Exercise - Starting at the line that holds "在今天比赛热身间隙,希尔德看", restate every line word for word up to and including the last one in the listing below, and omit all pictures.

Given information -
□ □ □ □

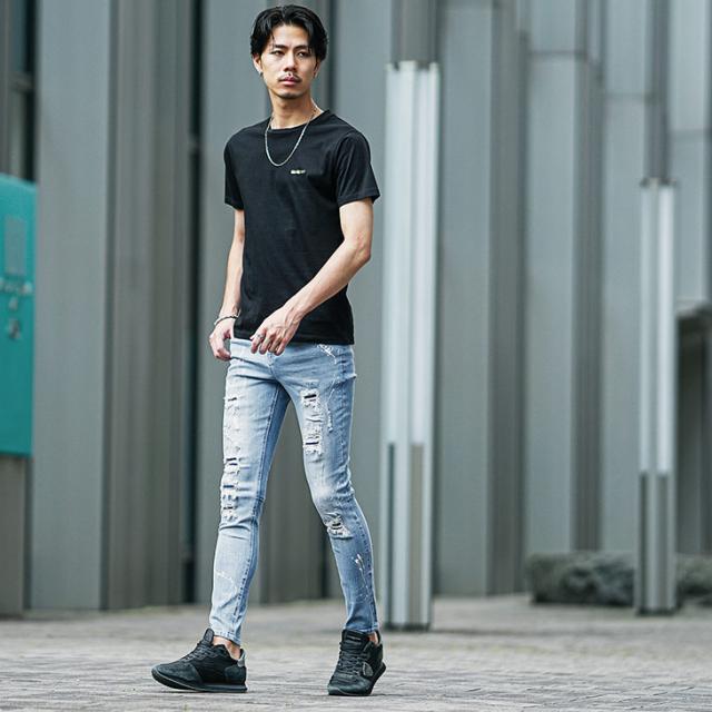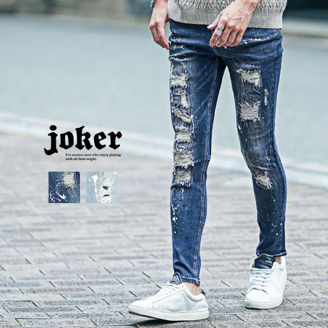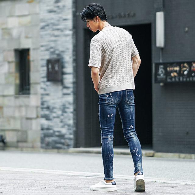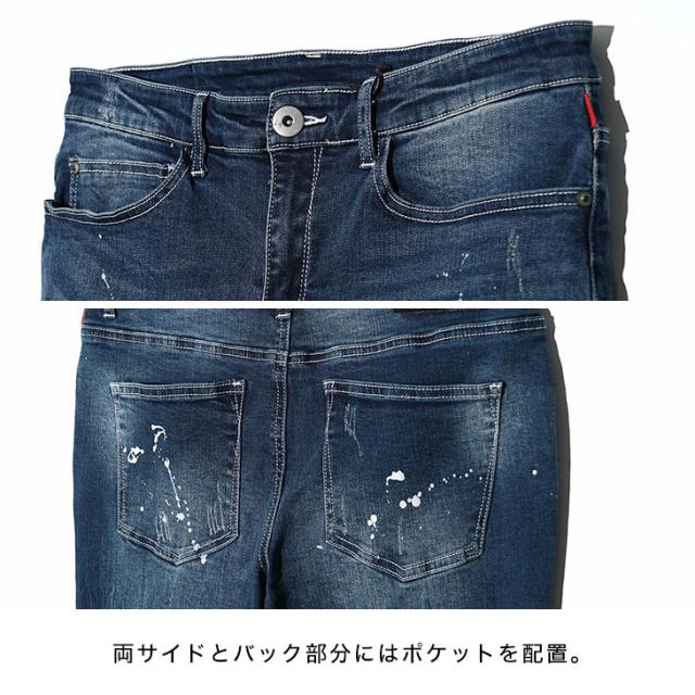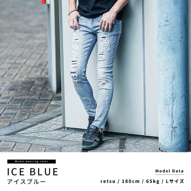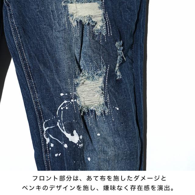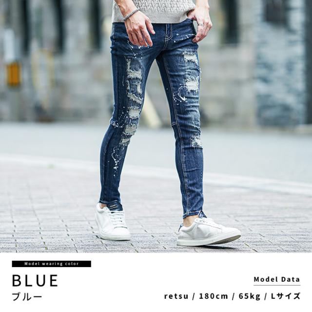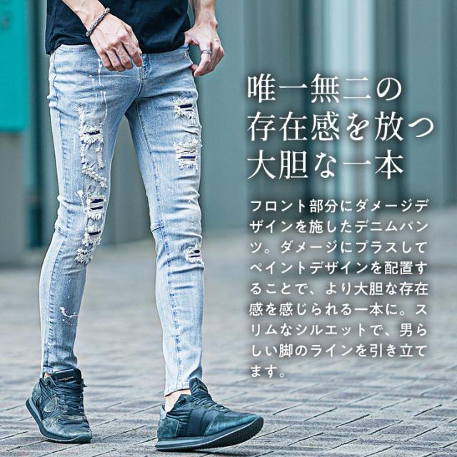 ペインティングデニム メンズ ジーパン メンズ スキニーデニム メンズ ダメージデニムパンツ メンズ ジーンズ スキニー リペアデニム ダメージジーンズ ストレッチ パンツ 細身 インディゴ 夏 夏服 夏物 春夏 メンズファッション ちょいワル お兄系 オラオラ系
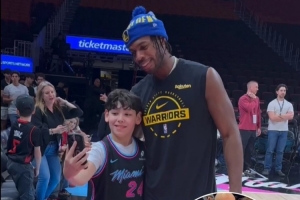 在今天比赛热身间隙,希尔德看到场边一位热火小球迷举着一个牌子,上面写着:“生日愿望是可以和希尔德自拍。”希尔德看到后也很开心的完成了小球迷的生日愿望。
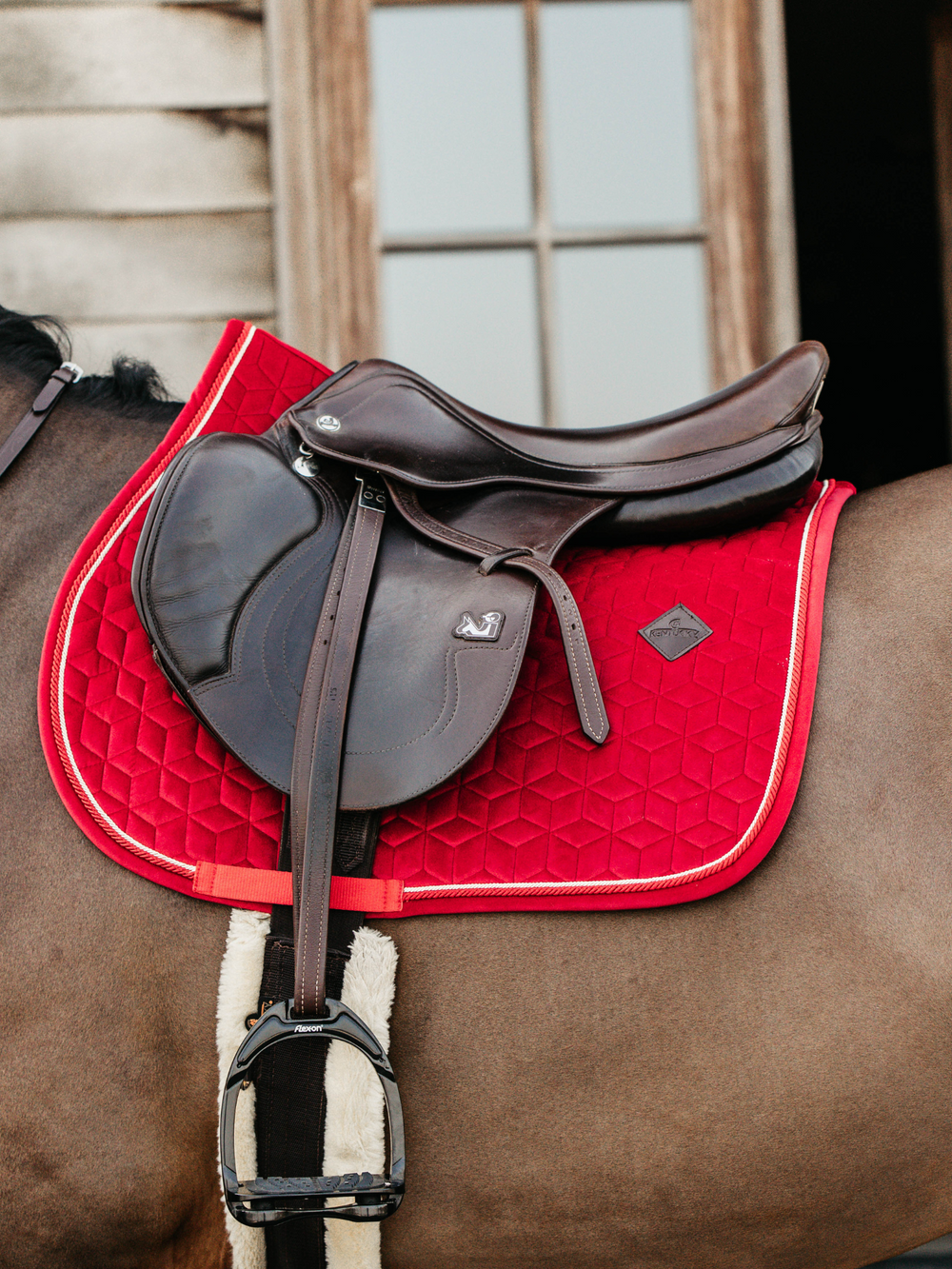 The Saddle Pad Velvet is shaped for jumping and provides excellent cushioning between the horse’s back and the saddle while protecting against friction. It is super stylish and classy, with a double twisted piping. This pad has no annoying straps to attach to the saddle, only a nylon strap for the girth. The subtle artificial leather logo is placed in a central, slightly higher place which always leaves room for embroidery of your own logo if desired. Machine washable at 30°, no dryer.

□ □ □ □

Response area -
 在今天比赛热身间隙,希尔德看到场边一位热火小球迷举着一个牌子,上面写着:“生日愿望是可以和希尔德自拍。”希尔德看到后也很开心的完成了小球迷的生日愿望。
 The Saddle Pad Velvet is shaped for jumping and provides excellent cushioning between the horse’s back and the saddle while protecting against friction. It is super stylish and classy, with a double twisted piping. This pad has no annoying straps to attach to the saddle, only a nylon strap for the girth. The subtle artificial leather logo is placed in a central, slightly higher place which always leaves room for embroidery of your own logo if desired. Machine washable at 30°, no dryer.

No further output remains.